Snick’s Board Shop has several questions for you that Excel can help answer.
1. The company is planning for the future and would like you to prepare a present value analysis. Using the file ch7-10, complete a present value analysis for the following situations. Save the file as ch7-10_student_name (replacing student_name with your name). Print this completed worksheet. They would like to know the following:
a. How much they would have to pay at the end of each year, assuming a 4 percent rate of return, to yield $80,000 at the end of 5 years.
b. How much they would have at the end of 5 years if they invested $73,500 today, earning 4 percent per year.
c. How much they would have at the end of 5 years if they invested $1,850 at the end of each year, earning 4 percent per year.
d. How much they would have to invest today to have $25,100 in 5 years, earning 4 percent per year.

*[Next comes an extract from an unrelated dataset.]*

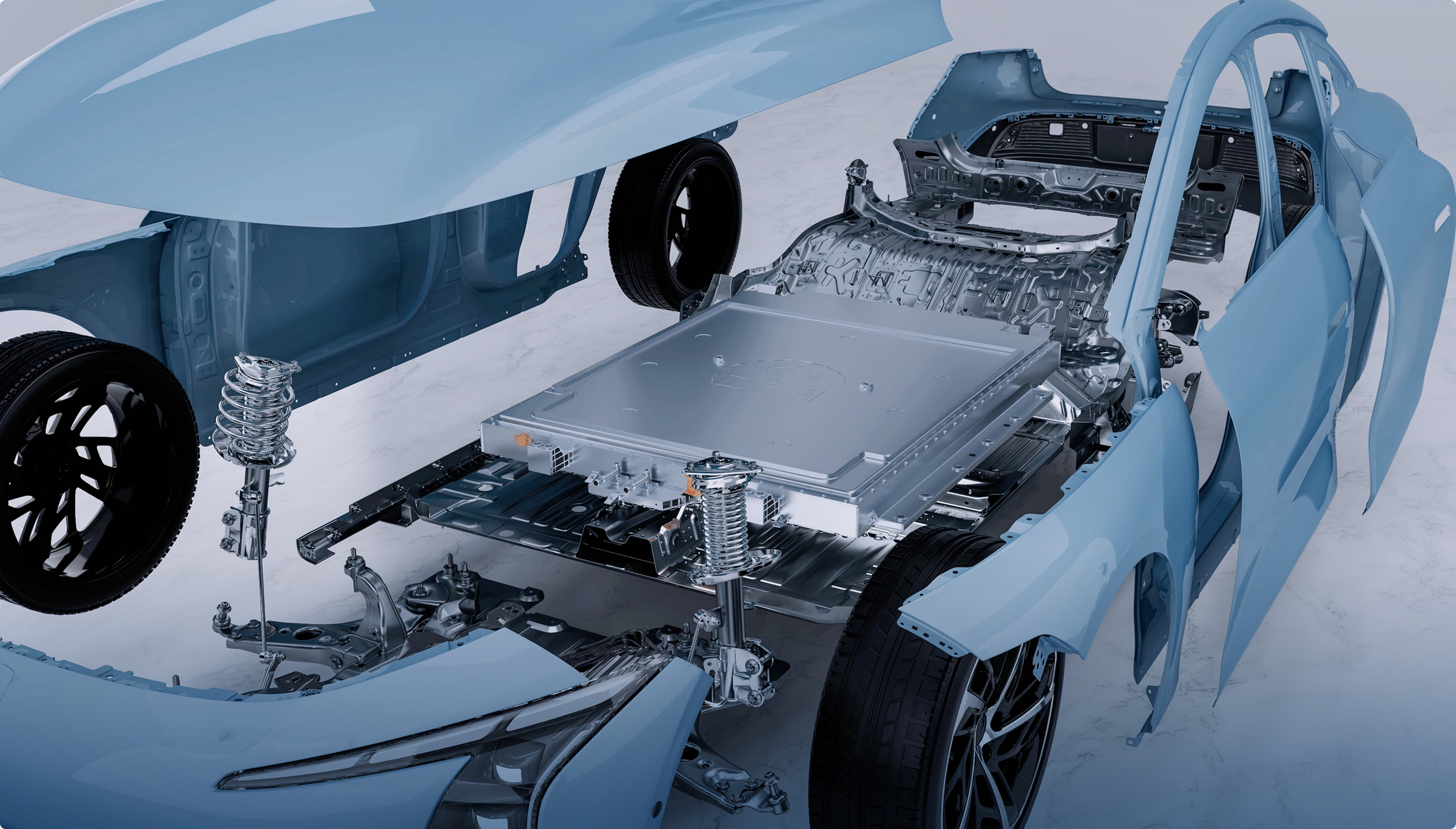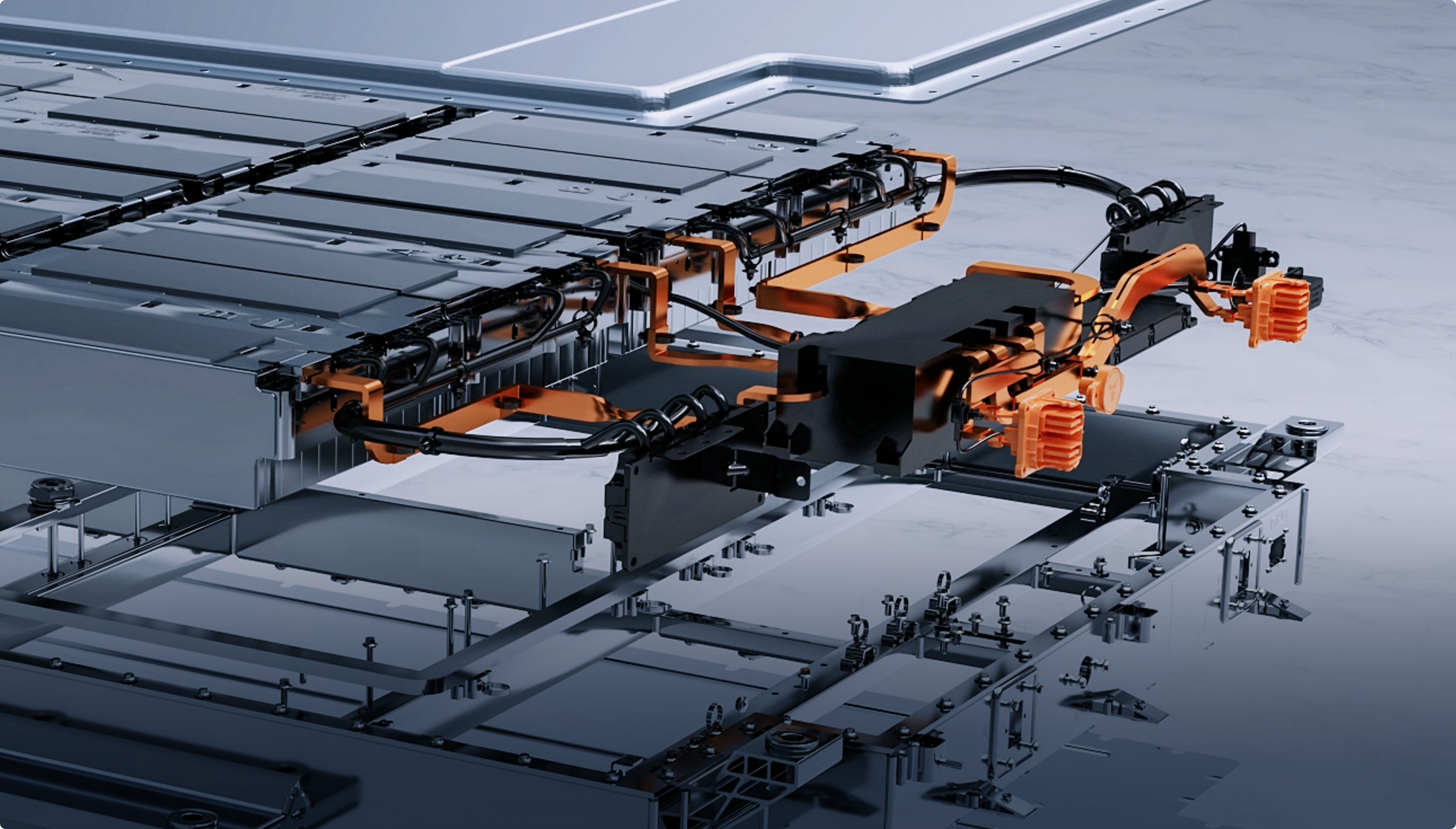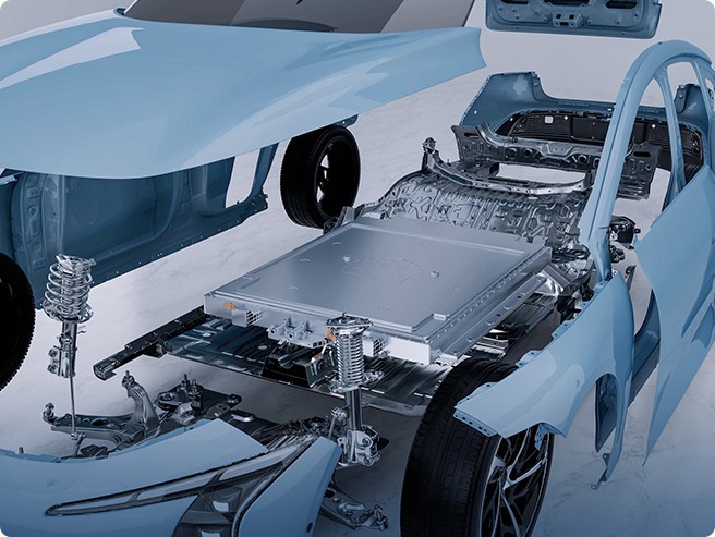 铠甲电池设计采用高强度框架结构框架内部设有横纵梁,与车身横梁连接成一体的全框式电池包结构,增加整体强度,实现整车侧碰模组零挤压。

2. Snick’s Board Shop is trying to better understand the behavior of their utility expenses. They have accumulated utility expenses over the last 9 months and believe hours open per month are a good predictor of expense behavior. Utility expenses include electricity, gas, and water. Use the file ch7-11 to complete a cost prediction worksheet. Save the file as ch7-11_student_name (replacing student_name with your name). The work-sheet should do the following:
1. Using the Hi-Lo method, calculate variable cost per unit sold, fixed costs, and a prediction of utility expense when they are open 230 hours in a month.
2. Using the Least Squares/Regression method, calculate variable cost per unit sold, fixed costs, and a prediction of utility expense when they are open 230 hours in a month.
3. Display a chart of selling expense/units sold with a trend line. (Be sure to modify each axis so your scatter diagram is better displayed, as you did earlier in this chapter.

3. During a recent year, Snick’s Board Shop had sales on account of $45,000, collections of $45,500, write-offs of $800, a beginning balance in accounts receivable of $5,000, and a beginning balance in the allowance for uncollectible accounts of $300. At year end $2,400 of accounts receivable were current, $700 were 0–30 days past due, $300 were 31–60 days past due, $200 were 61–90 days past due, and $100 were over 90 days past due. The company believes 1.5 percent of sales will not be collected.
They also have experience suggesting that 2 percent of all current receivables, 11 percent of receivables 0–30 days past due, 16 percent of receivables 31–60 days past due, 25 percent of receivables 61–90 days past due, and 50 percent of receivables over 90 days past due will not be collected. Using the file ch7-12, complete the allowance for uncollectible accounts analysis for both standard methods. Save the file as ch7-12_student_name (replacing student_name with your name). Print this completed worksheet.